- ENTRIES PROVIDED
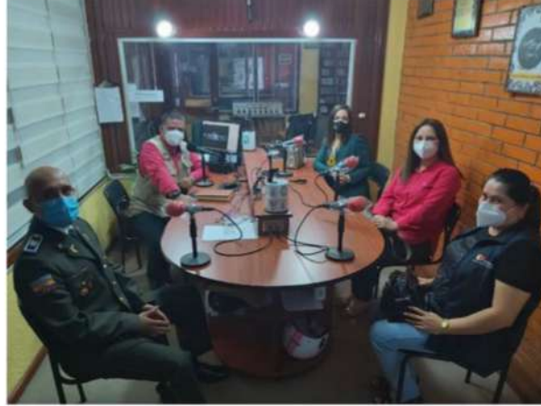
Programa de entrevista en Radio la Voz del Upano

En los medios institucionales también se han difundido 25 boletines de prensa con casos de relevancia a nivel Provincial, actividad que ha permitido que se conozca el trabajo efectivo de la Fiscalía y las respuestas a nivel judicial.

--

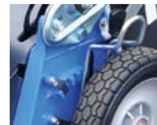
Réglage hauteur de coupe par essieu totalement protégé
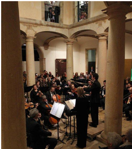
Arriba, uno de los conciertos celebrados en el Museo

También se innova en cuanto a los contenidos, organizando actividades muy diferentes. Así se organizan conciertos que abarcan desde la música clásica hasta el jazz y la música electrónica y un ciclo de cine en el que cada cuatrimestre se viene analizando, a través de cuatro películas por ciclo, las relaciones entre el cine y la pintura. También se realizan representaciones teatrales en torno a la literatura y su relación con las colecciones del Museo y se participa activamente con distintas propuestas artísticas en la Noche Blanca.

- PROBLEM STATEMENT
Select all lines in the listing that include the word "conciertos".

- WRITTEN RESPONSE
Arriba, uno de los conciertos celebrados en el Museo
También se innova en cuanto a los contenidos, organizando actividades muy diferentes. Así se organizan conciertos que abarcan desde la música clásica hasta el jazz y la música electrónica y un ciclo de cine en el que cada cuatrimestre se viene analizando, a través de cuatro películas por ciclo, las relaciones entre el cine y la pintura. También se realizan representaciones teatrales en torno a la literatura y su relación con las colecciones del Museo y se participa activamente con distintas propuestas artísticas en la Noche Blanca.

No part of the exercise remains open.